On the one hand, I dug and dug through old manuscripts of mine and showed the various ways you can go wrong and also marked-in how I eventually fixed them. I also pulled snippets from some of my favorite writers that show exactly how each point I was making looks when it’s done right. So my students will see passages from Shannon Baker, Beth Cato, Donis Casey, Katherine Arden and Catriona McPherson. From Shannon, I also borrowed (with her permission, of course) some incredibly brilliant tips on teaching deep point of view from her workshop talk. This writing life is definitely a communal project. I hope I can pass on some writing wisdom the end of this month in San Diego.
Archaeology and History Posts I enjoyed:
Leaking on the Parthenon Marbles
Irony of ironies in the repatriation debate of the Parthenon marbles: the roof of the British Museum in the room housing the marbles is leaking. The leaky roof is leaving puddles to mop up and warning signs of slippery floors. So far no damage to the marbles.
The old British argument that they could better protect the marbles—true for many years—is ringing less and less persuasive now. Athens has a gorgeous new museum waiting for the marbles—with no leaks.
The UN recently passed a resolution calling for their return. I have very happy memories of seeing the marbles in the British Museum. It’s certainly one of my favorite museums. But gone are the days of the small, dusty museum on the Acropolis with windows open to pollution and dirt. Click here for Archaeology News Network “Roof Leak Causes Concern for the Parthenon Marbles in the British Museum”
Digging out Bronze Age Cyprus
More on the Bronze Age brewery and signs of “building big” from the 2018 season at Kissonerga-Skalia, Cyprus.
The dig season of the previous year had revealed a remarkably well-preserved beer brewery.
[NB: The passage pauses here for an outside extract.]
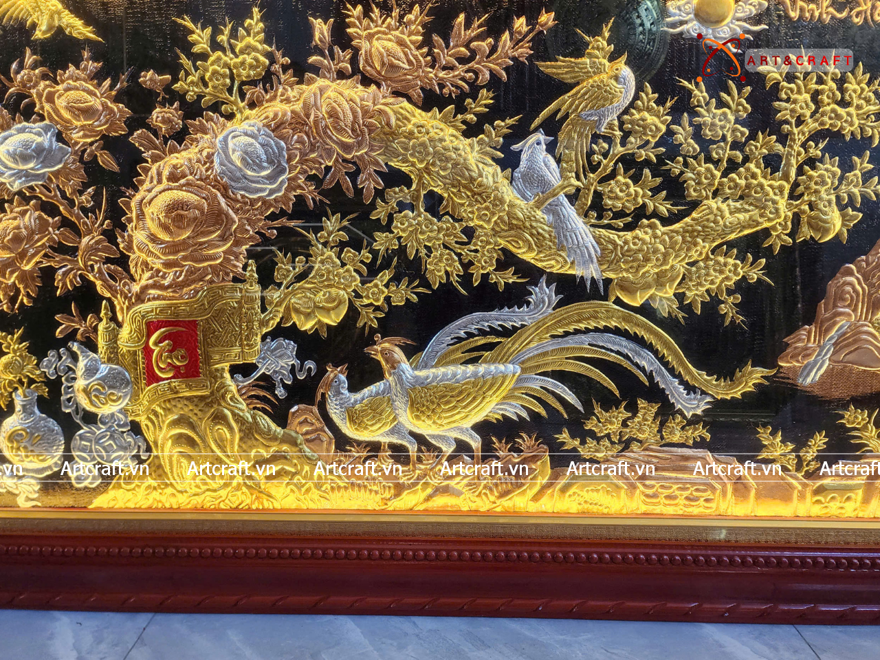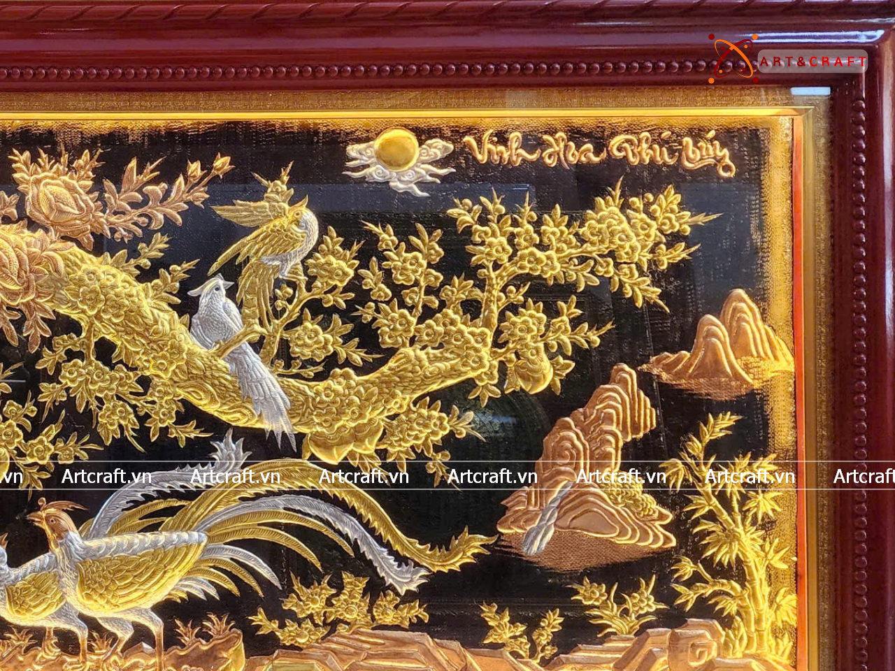 - Họa tiết tinh xảo: Quà Tặng Tranh Vinh Hoa Phú Quý được thúc chạm tinh xảo với hình tượng từng đôi chim và cành mai vàng, cuốn thư, đỉnh đồng tạo nên bức tranh sung túc, hạnh phúc.

This year’s work placed the malting kiln in a L-shaped courtyard.
The final phase of inhabitation at the site (start of the Late Bronze Age) shows a transition seen elsewhere in the Eastern Mediterranean during which people built larger scale buildings and produced goods on a grander scale. This site was slowly abandoned during this phase so this transition is not obscured by later building.
Cyprus doesn’t have the large palatial sites seen in Mycenaean and Hittite contexts of same period, but this expanded production shows an interestingly similar centralization of sorts, at least superficially.
I will be interested in how these finds are interpreted and what clues to the social/political structures they reveal. Does expanded production indicate expanded international trade? Who’s in charge and how many people live in the surrounding area? So many intriguing questions these tantalizing hints suggest. Click here for Archaeology News Network “2018 excavations of Bronze Age settlement at Kissonerga-Skalia completed”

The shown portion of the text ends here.